Exercise prompt
Could you repeat every line below exactly, skipping the images?
[Data provided — start]
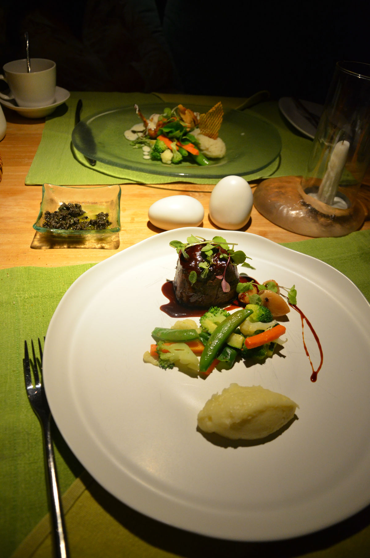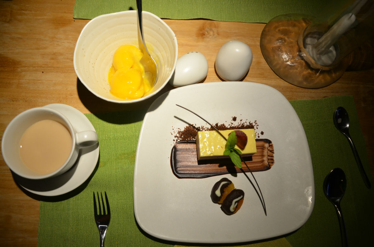 我们四天,第一天点晚餐没经验,是由服务生Ford帮我们点的,头盘给我领导点的是生鱼粒,给我的是日本寿司沙拉,主菜都是当地的一种鱼,对那个石榴籽的味道记忆特别深刻,甜点是巧克力慕斯蛋糕;第二天是自助晚餐,第三天我们自己点了,名字拼不完整,就随便和大家描述下。头盘领导是冰镇椰汁浸很小的一块鱼块,我点了西瓜乳酪,领导想吃鸡肉了,主菜点的是鸡胸,我吃的是澳洲小牛肉,甜点是芒果冰淇淋和起司蛋糕;第四天点了当天的主题菜,斯里兰卡美食,上来一蒸笼,心里一惊这么大。掀开一看还好还好,都是小盘装的,两份米饭,为了不浪费,硬是把这两份米饭给吃下去了。好饱啊。那天又下雨,刚好慢慢吃,结果雨越下越大,最后由酒店电瓶车送了回去。
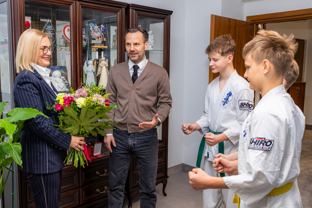 Zawodnicy SHIRO Kyokushin Klub Karate Chęciny Bilcza Kielce: mistrzowie Polski Bartosz Bojek i Adam Bogusławski, oraz Szymon Nartowski – mistrz Polski, wicemistrz Europy wraz z trenerem Alanem Mazurem spotkali się z dzisiaj z marszałek województwa Renatą Janik. Sportowcy podziękowali za pomoc w przygotowaniu i uczestnictwie w sportowych zmaganiach na szczeblu ogólnopolskim i międzynarodowym, pochwalili się również zdobytymi tytułami.
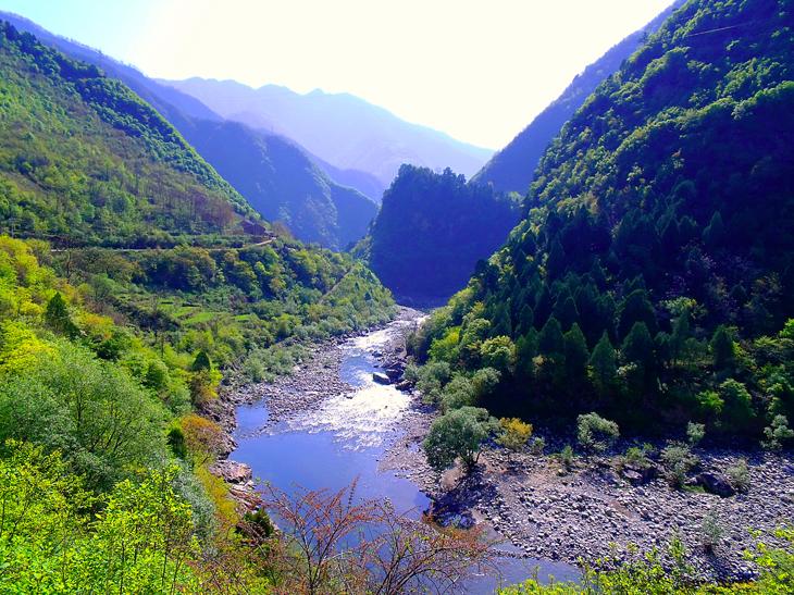 从马召沿108国道进山,入山处里程碑为1385,1435处即到黑河。刚进山时有几个大上大下的陡坡,约莫十几公里,上到坡顶可以看到黑河水库的景色还是很赞的。快到陈河时路面下到和河面几乎相同高度后,开始沿河而上的一路缓坡。入山后的50公里还是很考验体能的,而且时常看到有山上掉下来的石头躺在路中间,心里难免有点发毛。
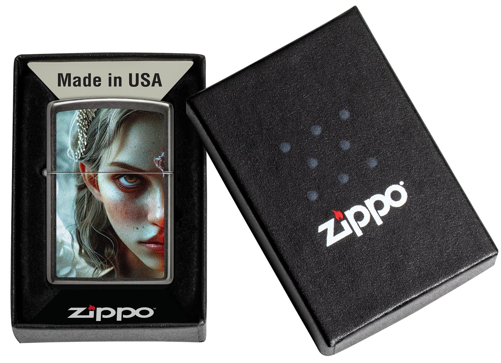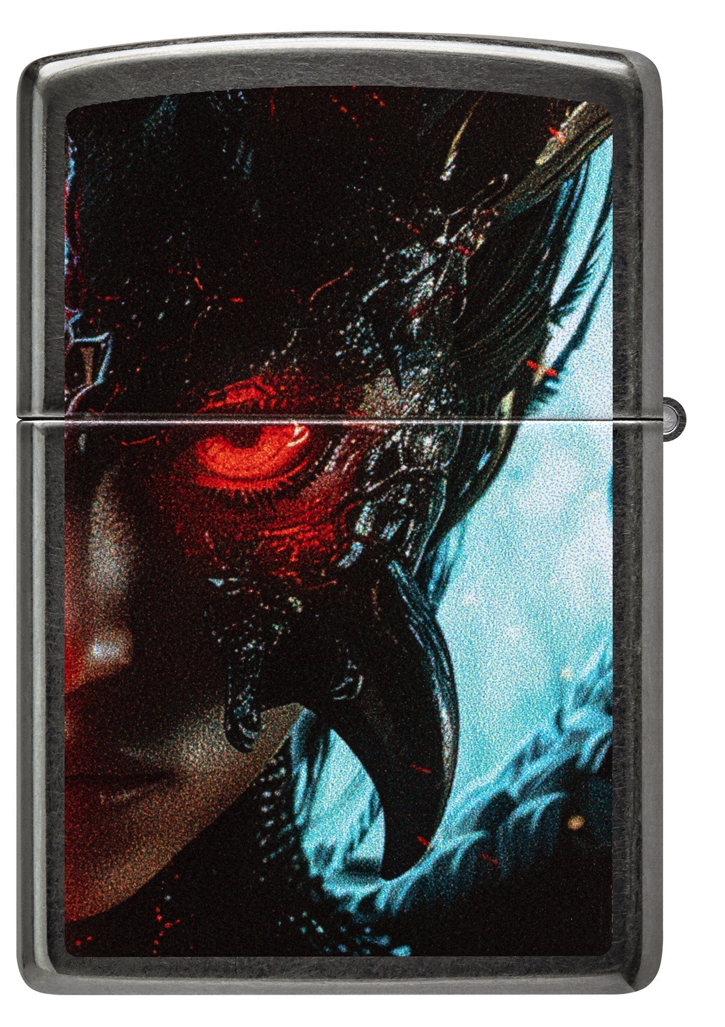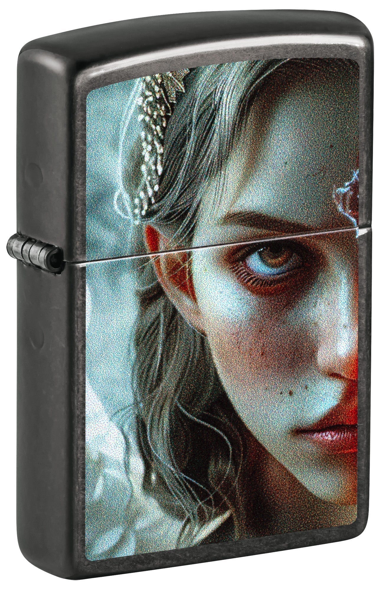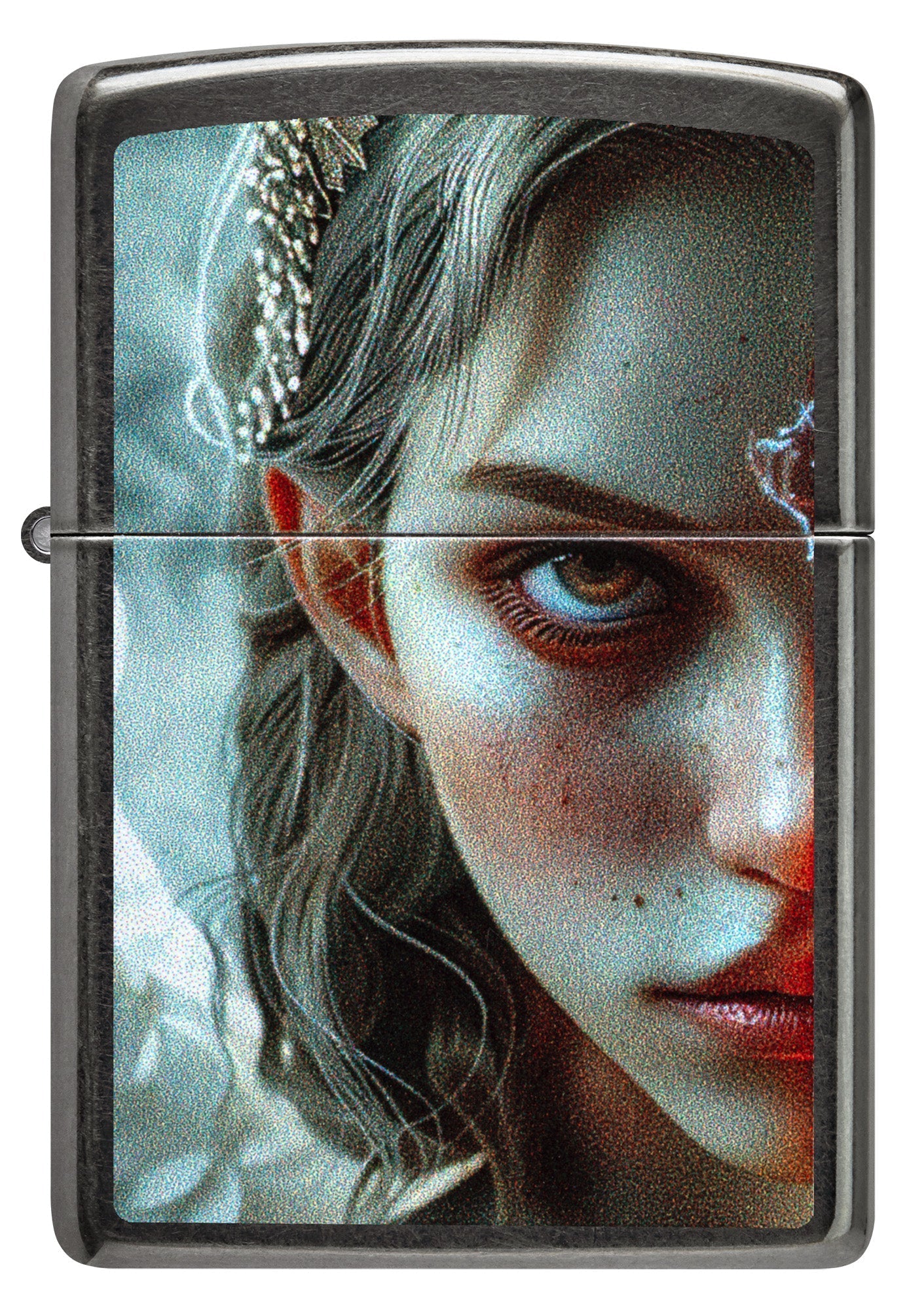 De dualiteit van de menselijke natuur wordt perfect weergegeven op deze klassiek grijze aansteker. Waar op de voorkant het gedeelte van de engel staat afgebeeld, domineert de duivel op de achterkant in een ontwerp met bijpassende kleuren.
[Data provided — finish]
Output for this exercise
 我们四天,第一天点晚餐没经验,是由服务生Ford帮我们点的,头盘给我领导点的是生鱼粒,给我的是日本寿司沙拉,主菜都是当地的一种鱼,对那个石榴籽的味道记忆特别深刻,甜点是巧克力慕斯蛋糕;第二天是自助晚餐,第三天我们自己点了,名字拼不完整,就随便和大家描述下。头盘领导是冰镇椰汁浸很小的一块鱼块,我点了西瓜乳酪,领导想吃鸡肉了,主菜点的是鸡胸,我吃的是澳洲小牛肉,甜点是芒果冰淇淋和起司蛋糕;第四天点了当天的主题菜,斯里兰卡美食,上来一蒸笼,心里一惊这么大。掀开一看还好还好,都是小盘装的,两份米饭,为了不浪费,硬是把这两份米饭给吃下去了。好饱啊。那天又下雨,刚好慢慢吃,结果雨越下越大,最后由酒店电瓶车送了回去。
 Zawodnicy SHIRO Kyokushin Klub Karate Chęciny Bilcza Kielce: mistrzowie Polski Bartosz Bojek i Adam Bogusławski, oraz Szymon Nartowski – mistrz Polski, wicemistrz Europy wraz z trenerem Alanem Mazurem spotkali się z dzisiaj z marszałek województwa Renatą Janik. Sportowcy podziękowali za pomoc w przygotowaniu i uczestnictwie w sportowych zmaganiach na szczeblu ogólnopolskim i międzynarodowym, pochwalili się również zdobytymi tytułami.
 从马召沿108国道进山,入山处里程碑为1385,1435处即到黑河。刚进山时有几个大上大下的陡坡,约莫十几公里,上到坡顶可以看到黑河水库的景色还是很赞的。快到陈河时路面下到和河面几乎相同高度后,开始沿河而上的一路缓坡。入山后的50公里还是很考验体能的,而且时常看到有山上掉下来的石头躺在路中间,心里难免有点发毛。
 De dualiteit van de menselijke natuur wordt perfect weergegeven op deze klassiek grijze aansteker. Waar op de voorkant het gedeelte van de engel staat afgebeeld, domineert de duivel op de achterkant in een ontwerp met bijpassende kleuren.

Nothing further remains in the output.